▸ **WHAT TO PRODUCE**
Pictures stay out. Extract the lines below from the first one through the line with "Mod - узел остатка", both included.

:::

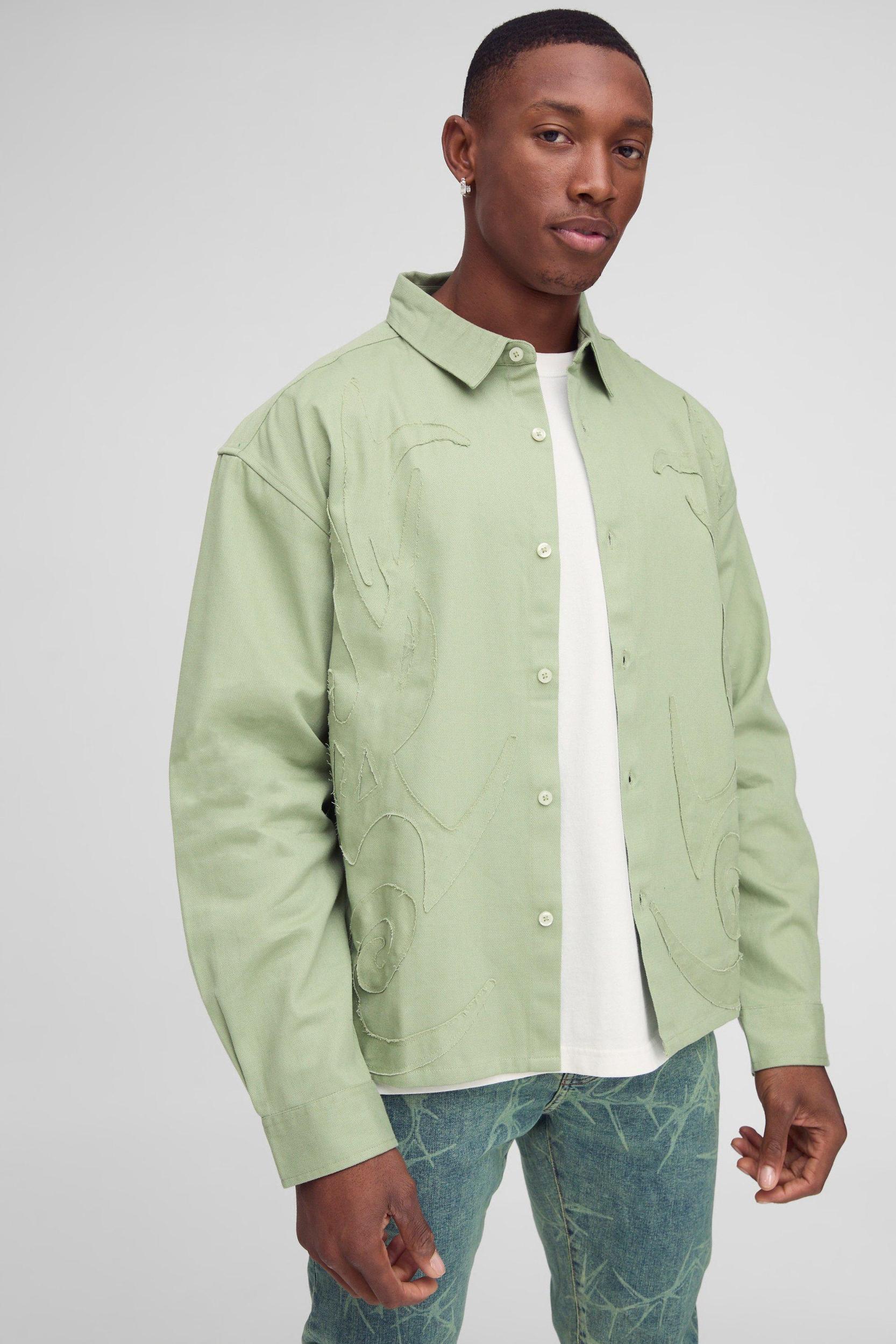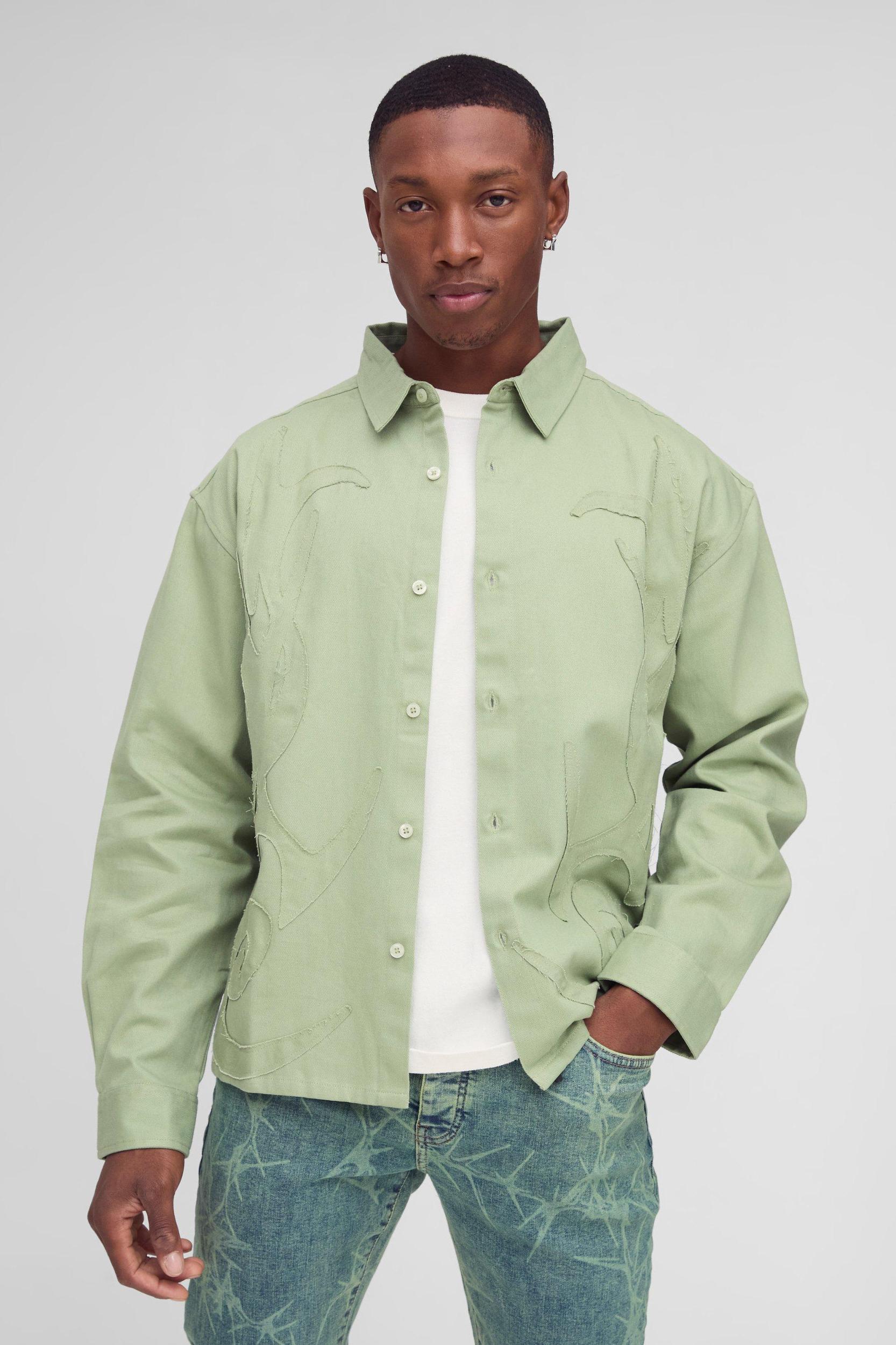 Oversized Flame Applique Shirt | boohooMAN USA Product Image
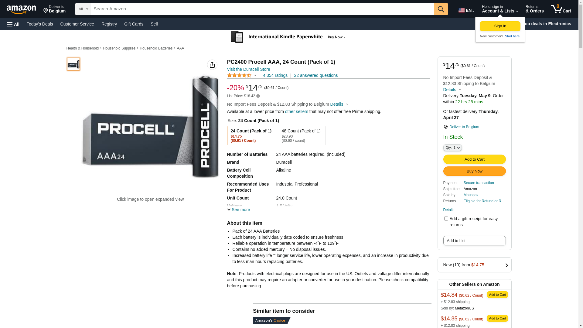 PC2400 Procell AAA, 24 Count (Pack of 1)
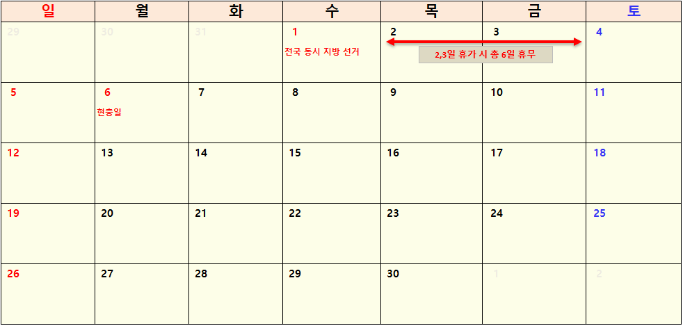 - 6월 1일(수) ~ 6월 6일(월) : 휴가 2일 사용 시 총 6일 휴무 가능
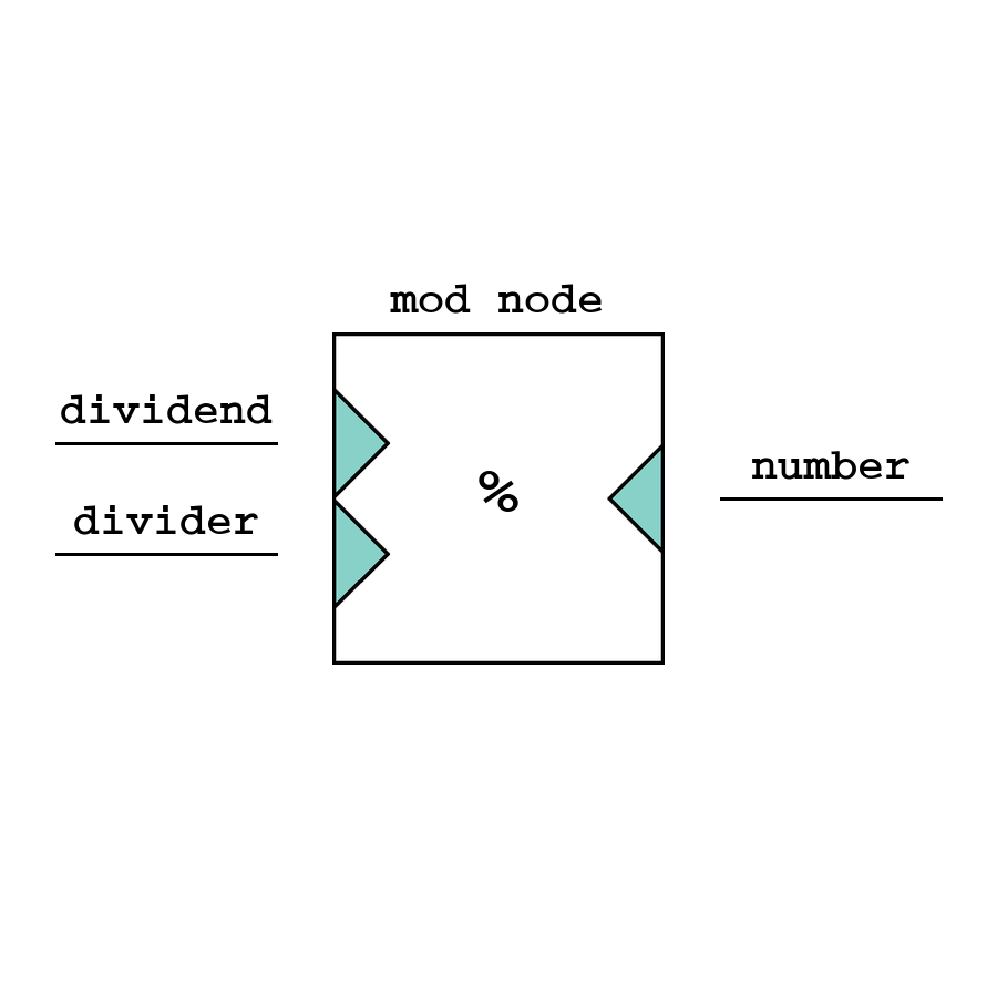 Mod - узел остатка от деления, возвращает остаток от деления чисел.
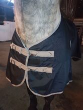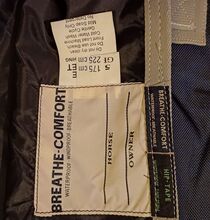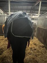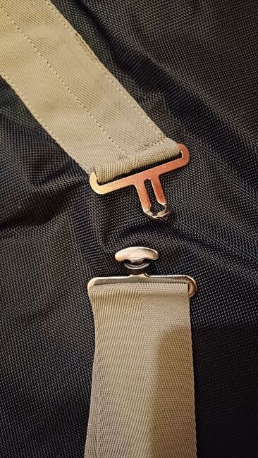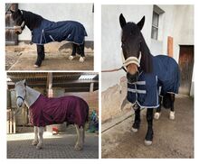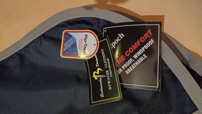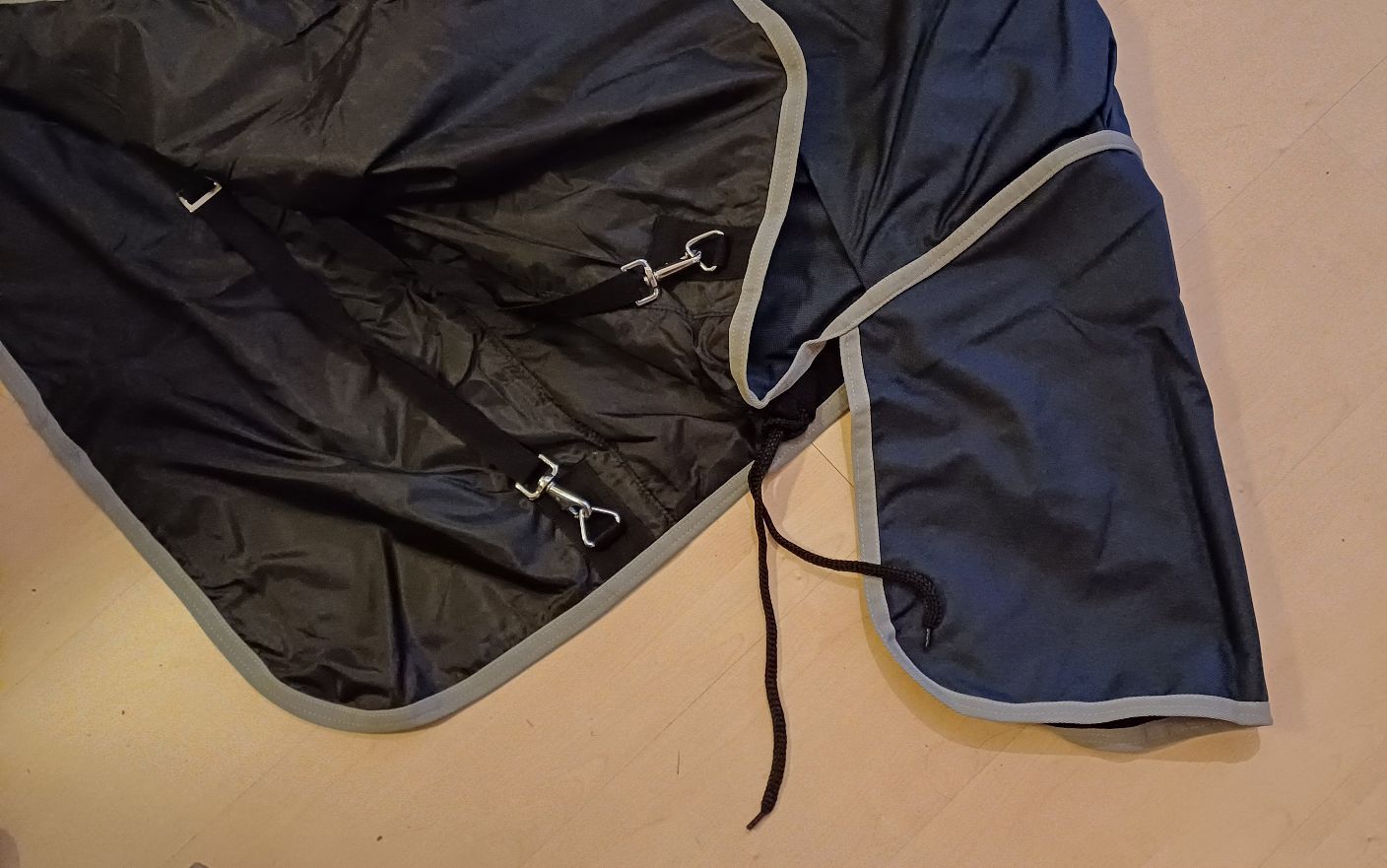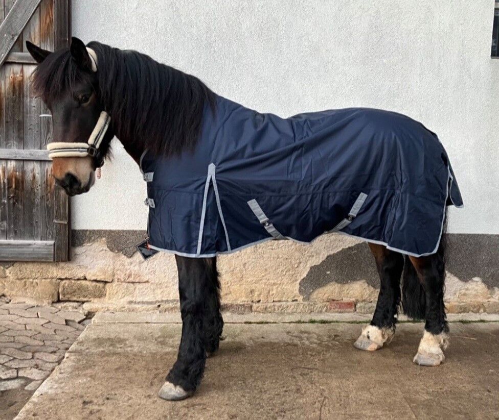 BTS 1680D PES rain winter rug with 50g, uv stable, 5000mm water column EPOCH special fabric Breathable from -20° to + 45° according to the manufacturer (see label) welded seams, underside made of fur-friendly PES, 100% waterproof, 100% windproof, double chest closure with protective Velcro to prevent unintentional opening, quick opening with carabiner, gusset, Cross surcingles with rubber ring to prevent unintentional opening, tail cord, looped detachable leg straps with carabiner, deep tail flap, Neck circumference 151cm, 105cm side depth, Rug can be personalized (label to add name), weight approx. 4kg for RL 175cm Blanket with carrying bag, Machine washable. Luxury goods at a low price.
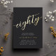 Celebra su cumpleaños con estas invitaciones de cumpleaños número 80 de la moda, que incluyen "ochenta" en letras de guión esbozadas a mano de Relieve metalizado oro moderno. Personalice con los detalles de su fiesta debajo. Una elección de lujo inolvidable para fabulosas celebraciones de cumpleaños número 80.
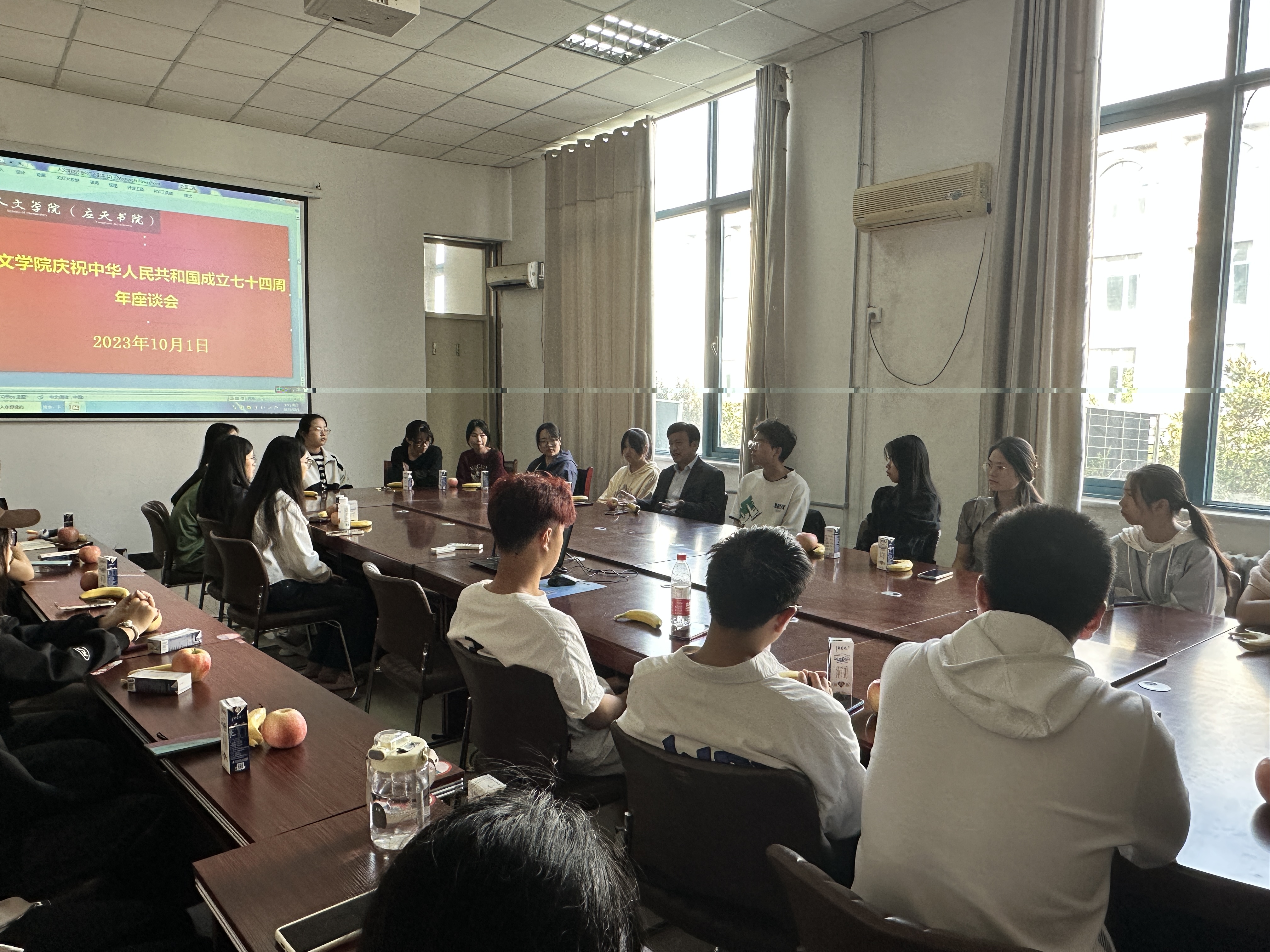 秋高气爽,丹桂飘香,为庆祝中华人民共和国成立74周年,10月1日上午,WilliamHILL中国在汉粱楼208会议室举办2023级国庆假期留校新生庆祝国庆节座谈会。WilliamHILL中国院长高建立、党委副书记卢忠雷、2023级国庆假期留校全体学生欢聚一堂,喜迎佳节。卢忠雷主持会议。

:::

▸ **EXPECTED ANSWER**
 Oversized Flame Applique Shirt | boohooMAN USA Product Image
 PC2400 Procell AAA, 24 Count (Pack of 1)
 - 6월 1일(수) ~ 6월 6일(월) : 휴가 2일 사용 시 총 6일 휴무 가능
 Mod - узел остатка от деления, возвращает остаток от деления чисел.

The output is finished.